LillyDAP is a highly efficient parser/packer stack for LDAP. It is meant for dynamic data handlers and middleware that manipulates queries on their way through. If you need flexibility in your LDAP solution, and it needs a bit of custom coding, LillyDAP is probably your best bet.
There is a standard sequence of parsing/packing stages, and you can intervene between any of them to take control of the data passing through. You may block, generate, redirect, fork and join as you please. The entire structure works through event-styled callbacks, and connectivity to remote peers can be easily integrated with an event loop.
The parser and, mirrorred to it, the packer for LillyDAP turn to their work
in a number of stages. Parser routines link downwards and have names like
lillyget_xxx()
whereas packer routines link upwards and have names like
lillyput_xxx()
.
The levels between the operations are good to understand, so as to get the control that you might desire over the LDAP passing through:
- The event interface is meant for reporting an event worthy of the API; this might be an ability to read or to write.
- The netbytes level processes a sequence of bytes and collects complete DER messages. As soon as one is found, it is passed on.
- The dercursor level deals with one complete top-level DER message at a time.
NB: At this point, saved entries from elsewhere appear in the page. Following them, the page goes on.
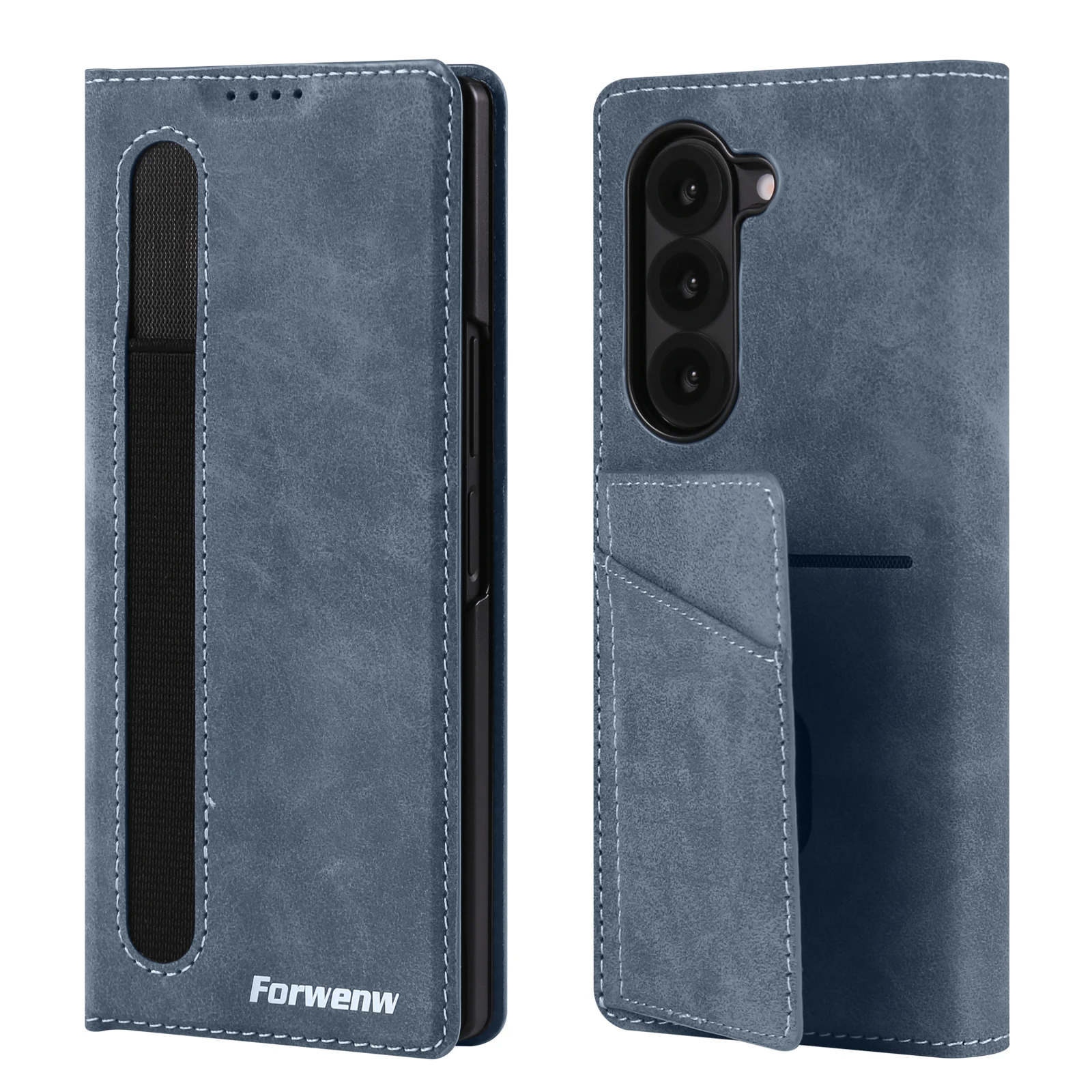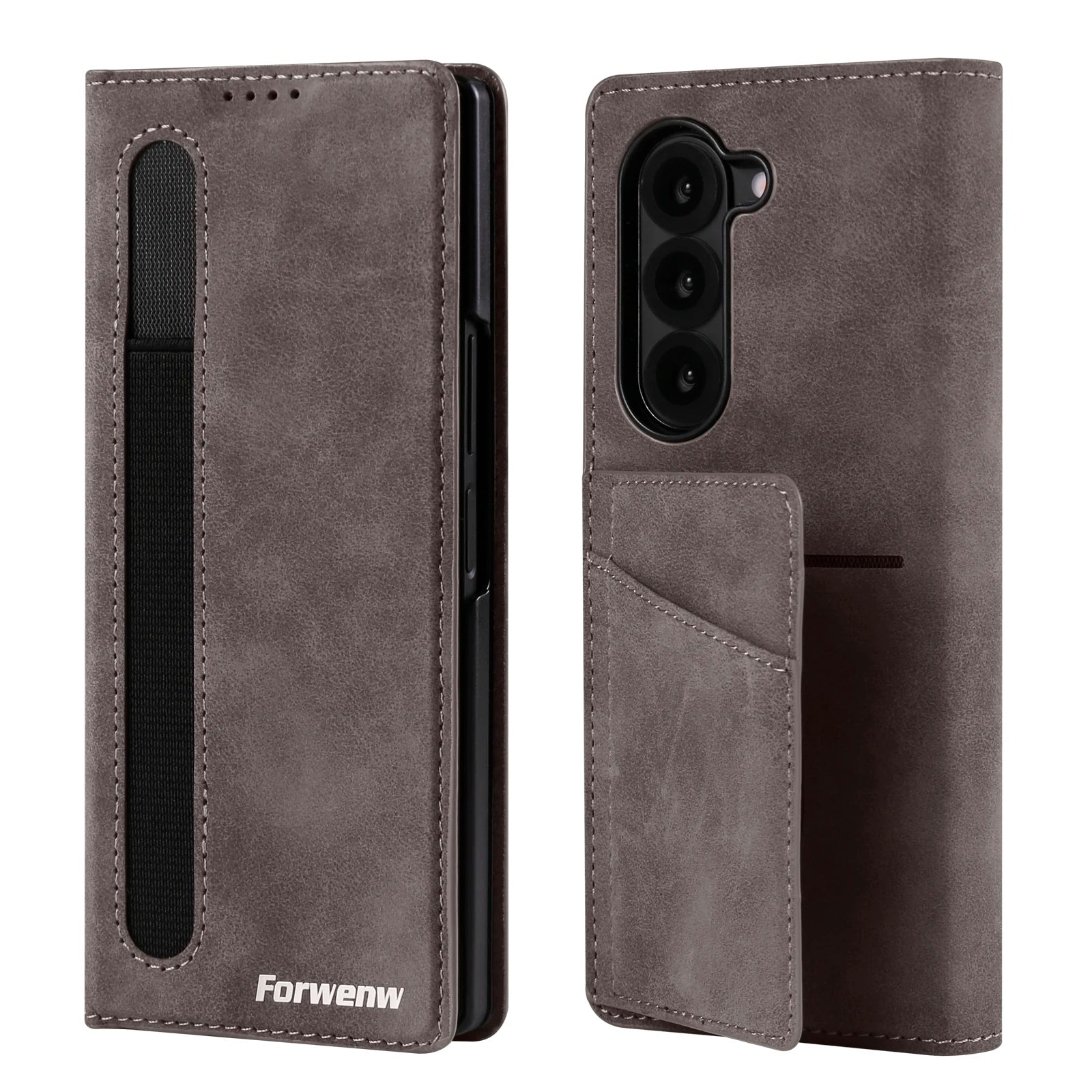 Forwenw Luxury Card Bag Holder Leather Case for Galaxy Z Fold 7 Fold 6 Fold 5 Fold 4 Fold 3 Pen Slot Holder Folding Cover Funda
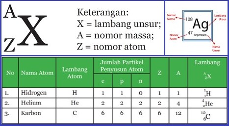 Contohnya, unsur litium memiliki nomor atom 3 dan nomor massa 7, sehingga penulisan lambang unsurnya yaitu :
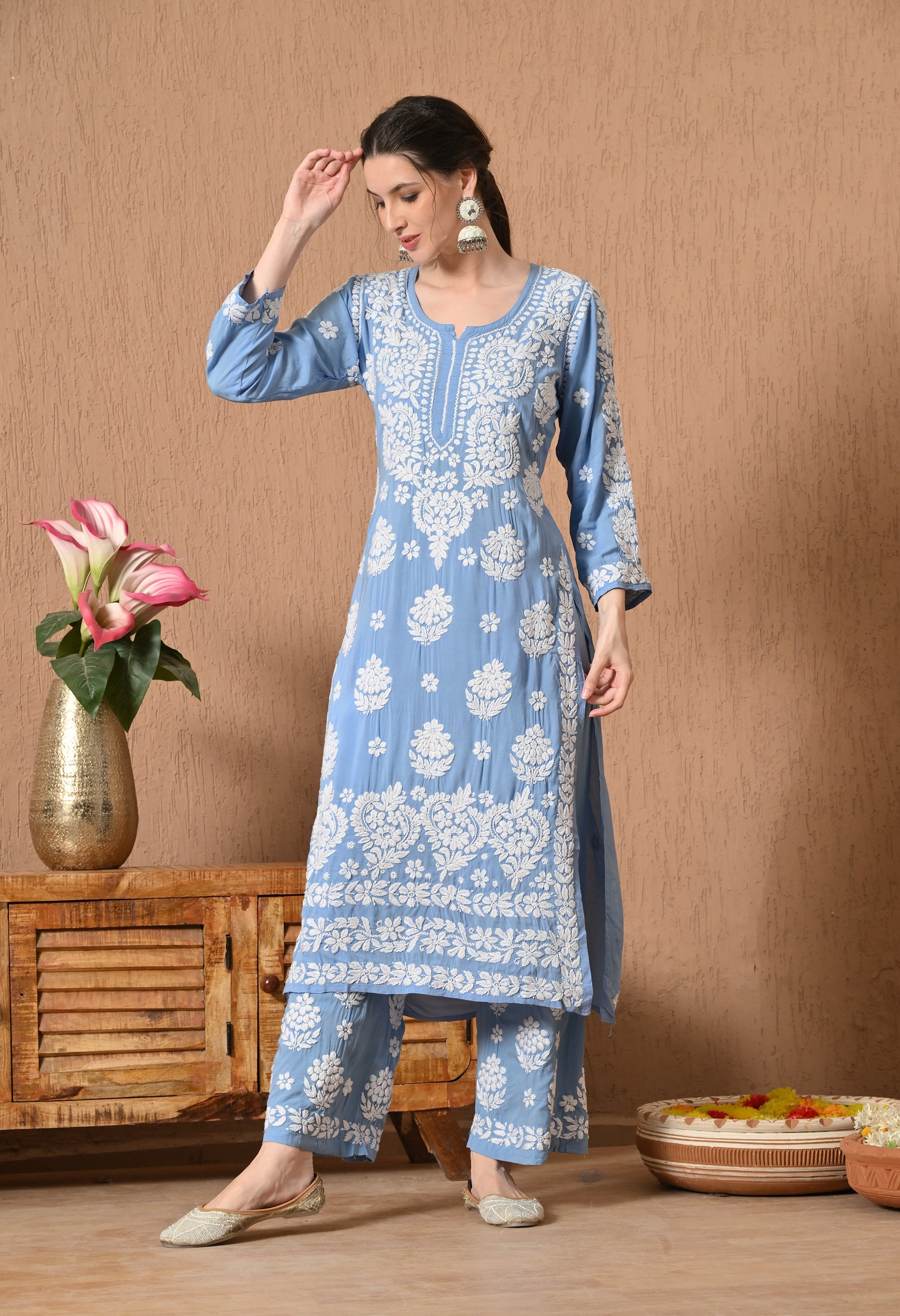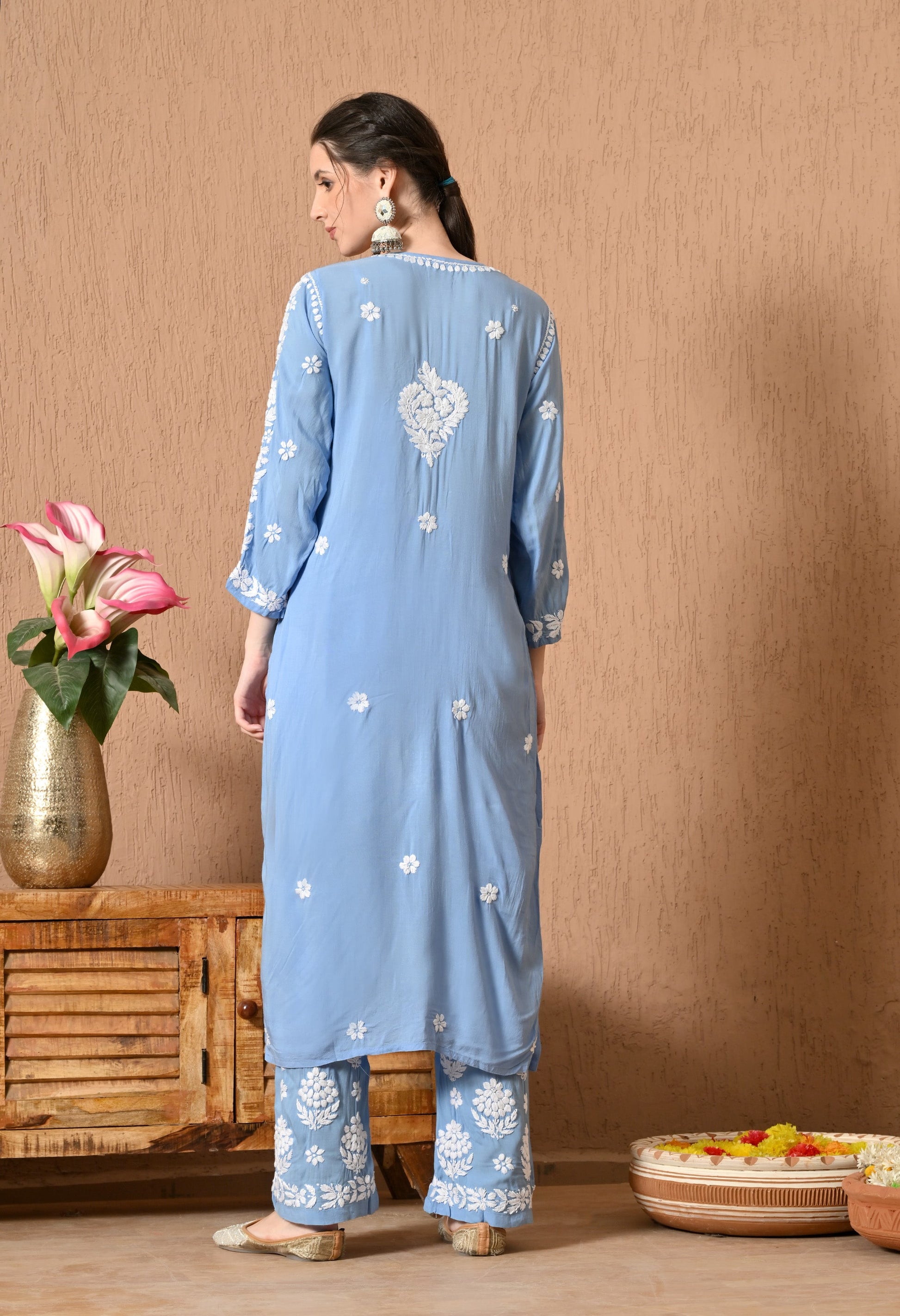 Hand Embroidered Chikankari Modal Plazo Set with 3D Work – Ethnic Wear Powder Blue
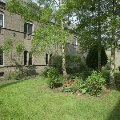 Ten westen van het kloostergebouw een vrijstaand, langgerekt DIENSTGEBOUW met aan de noordelijke zijde een dwarsgeplaatst bouwdeel bestaande uit verschillende dienstruimtes opgetrokken in rode machinale baksteen onder een met muldenpannen gedekt zadeldak. In de voorgevel (O) zijn T-vensters geplaatst en enkele deuren. Via een doorgang kan men de achterzijde bereiken. In de achtergevel zijn overwegend tweelichts vensters geplaatst.
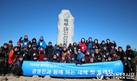 <사진제공=한국시티은행>(조세금융신문)박진회한국씨티은행장(첫번째줄우측에서일곱번째)을비롯한350여명의 임직원들이지난10일강원도평창군에위치한선자령을함께올랐다.한국씨티은행은매년1월임직원들이함께산행을하며새해각오를다지고한해를시작하고있으며,올해는고객만족을통한민원없는은행달성을위한의지를다지는시간을가졌다.
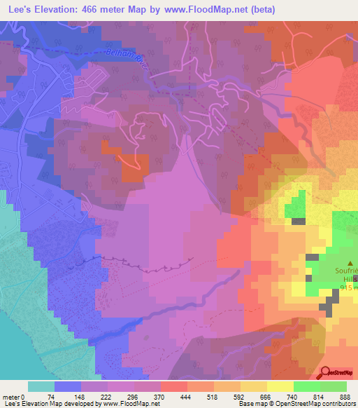 The elevation map of Lee's,Montserrat is generated using elevation data from NASA's 90m resolution SRTM data.
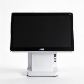 一张现代简约风格的电脑显示器产品展示图,采用全新的色彩搭配,从略微侧倾的角度拍摄,显示器主体为光滑的黑色边框与银色金属底座,屏幕呈现纯白色背景,整体设计简洁干净,具有清晰的产品轮廓和细腻的材质质感,光影柔和自然,突出显示器的现代科技感与简约美学。
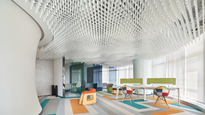 設計師在空間中還設計了很多供大家快速溝通的環(huán)境和位置,讓溝通便捷輕松。這樣的設計旨在讓員工在無壓力的狀態(tài)下,更好地釋放創(chuàng)意靈魂,提高創(chuàng)造力。
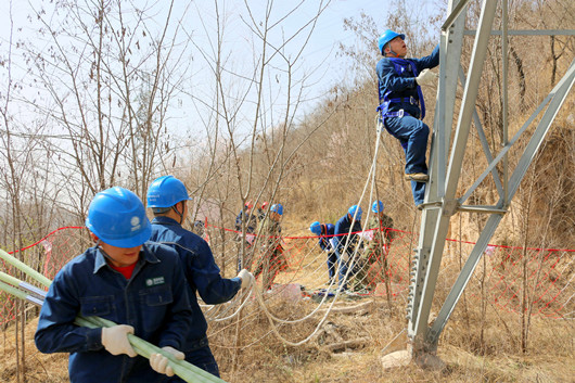 分工明確,檢修人員登塔懸掛傳遞繩索
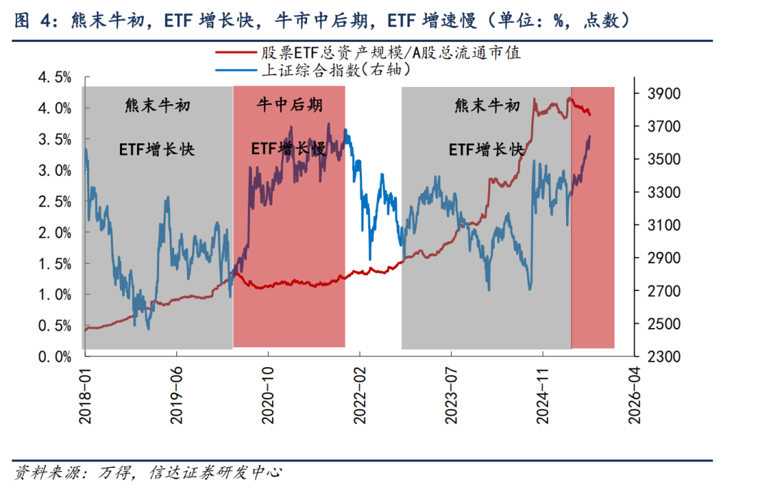 (3)逆势维稳的力量更多,是否会影响牛市高度?2014-2015年牛市是较为纯正的流动性牛市,由于牛市本事涨幅过大,随后的2015年下半年,股市出现了较大的回撤和波动。大部分投资者觉得,鉴于投资者和监管层都经历过2014-2015年的牛市,学习效应可能会死一火牛市的高度。咱们赞同这一判断,然而需要防范的是,当今股市的涨幅比较2014-2015年牛市还小许多,目下这一牵挂可能还尚早。而如若推敲到ETF资金逆势波动对阛阓的影响,这一流程可能也会比较慢,比如2019-2021年牛市,从2020年Q2启动ETF份额彰着下跌,但中枢钞票的高点直到2021年Q1才出现,有些行业(周期、成长等)高点出当今2021年Q4。是以即使后续出现握续的ETF份额萎缩,可能牛市高点也要滞后很万古分才可能出现。
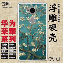 彩绘坊 华为荣耀4/5/6/7/8/X/A/C/i/plus浮雕手机硬外壳 梵高杏花

So, at this level, the stream of bytes has been broken into individual DER blobs.
- The ldapmessage level has taken the top-level DER blob apart, and parsed much of the data inside it. This can be seen from the parameters passed at this level.
- The opcode level (including opresp overrides for responses opcodes) has done only slightly more, namely parsed out the opcode. This can be used for handling strategies that vary (only) with the opcode. As an example, it can be used to pass authentication requests separately from data inquiries.
- The operation level (including response overrides for responses) has further processed the LDAP message into an operation, and provides structures adapted to the operation at hand. These are switched to implementation routines.
- Finally, the lowest level handles the furthest parsed messages.
This describes parsing the byte stream into individual operations; there is a mirrorred path up for packing operations back into a byte stream.
It is not always necessary to pass through the entire stack, and LillyDAP is designed to give full control of this. As a result, various operations on LDAP can be composed in a highly efficient manner.
This ability to take messages apart up to the level that is meaningful for a piece of middleware, and either recompose or further decompose it, provides a lot of flexibility and avoids too much zeal in processing LDAP. It may well be the most efficient approach to processing LDAP while in transit.
In addition to that, the techniques with which LillyDAP was programmed are very efficient. First, its use of Quick DER means that it is very conservative in its use of memory allocation and copying; second, its region-based memory allocator can be used to keep the memory management highly localised, for instance with a memory region for each query. This saves a lot of administration overhead and simplifies programs. (These techniques are very much in line with what makes Nginx great, and that is not a coincidence.)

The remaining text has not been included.